JANUARY
2009

 

 

 

By
B. Rosie Lerner
 
Purdue Extension
Consumer
Horticulturist

 

 

 

 

 

01-15-09

Have a Heart for Your Valentine

Looking ahead to Valentine's Day, here are some ideas for plants that will delight your plant lover.

Heartleaf philodendron, also known as sweetheart plant, is easy to find, easy to grow and an excellent choice for a beginning gardener. The philodendron takes its name from Latin for love and tree, "philo" - love and "dendron" - tree. The heart- shaped leaves arise from sturdy stems that can twine around an upright support or trail from a hanging basket. These plants thrive best in moderate indirect light, moist soil and high humidity, but can adapt to low light and are reasonably tolerant of wide fluctuations in moisture and humidity.

String of hearts, or Ceropegia, is a trailing vine that, as you might guess from its name, has heart-shaped leaves borne on long, thread-like stems. The thick, succulent leaves are dark green with contrasting whitish veins. Although the plants do bear interesting pink or purplish tube-shaped flowers, they are quite small and don't provide much of a show. A sunny window is best for Ceropegia, but it will tolerate lower light intensity.

Cyclamen is a traditional valentine favorite with its heart-shaped leaves, adorned by lovely flowers in white and many shades of pink, red and lavender. The flowers have a striking form, likened to butterflies, birds in flight and even falling stars, depending on who is doing the looking. And, as an extra bonus, the leaves are finely detailed with silvery or light-green markings. Cyclamen are available as large, showy plants or as mini-plants. For the longest lasting show of blooms, look under the leaves to select those with the largest number of flower buds. Cyclamen thrive best with bright light, cool temperatures and moist, well-drained soil.

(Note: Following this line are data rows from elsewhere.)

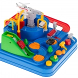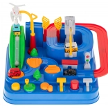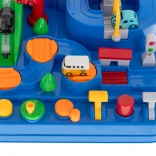 Begeben Sie sich auf eine spannende Fahrt voller Überraschungen. Die interaktive Strecke mit Hindernissen, Zugbrücke und Getrieben prüft die Geschicklichkeit und das logische Denken der Kinder. Die Steuerung ist einfach und macht Spaß – mit Tasten und drehbaren Elementen bewegen Sie die Autos auf der Strecke und erfüllen Missionen der Rettungskräfte.
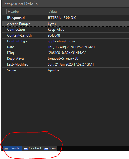 The server responded OK with status 200 at Specific date. We see that there are three subsection that we can use for analyzing the detail. We can also see the content that server delivered to the client in the content tab
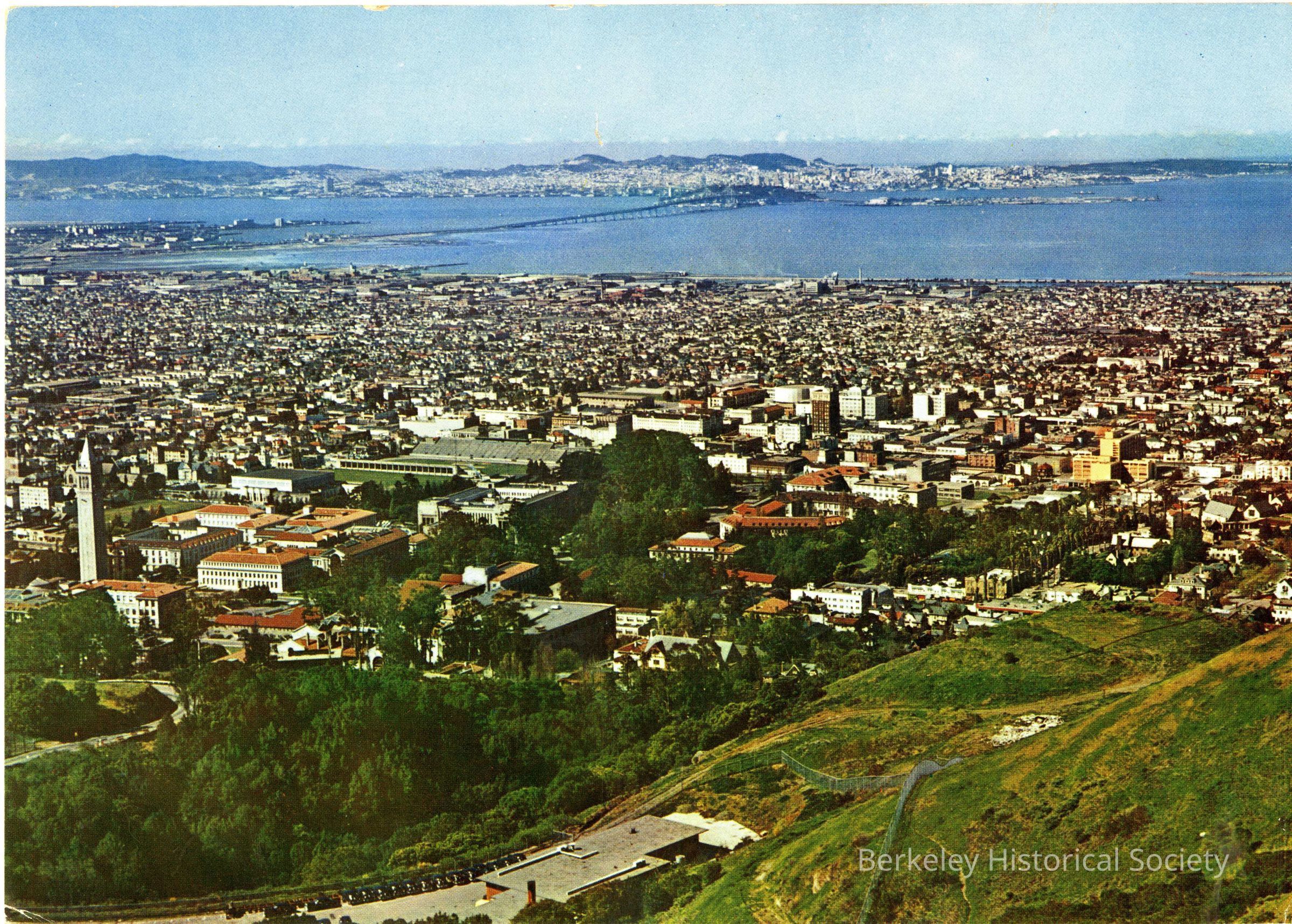 Two postcards with aerial color photograph of Berkeley that advertises the Berkeley Chamber of Commerce's Convention and Tourist Bureau. View from hills, with San Francisco in the distance.

Anthurium is beautiful in bloom as well as just a foliage plant, with its large, shiny leaves (often heart-shaped) and exotic bright flowers, also called the "Heart of Hawaii." The blooms have two distinct parts: a large, heart-shaped leaf-like structure called the spathe and a long spike of densely packed tiny flowers called the spadix. The spathe is shiny, heart-shaped and ranges in color from scarlet to various shades of pink, white, lilac, and coral. The spadix is usually a contrasting color, generally white, yellow or sometimes purple. The blooms last for weeks and also make excellent cut flowers. Anthurium thrives in coarse, well-drained soil (peat moss-bark mix) and bright, but indirect light.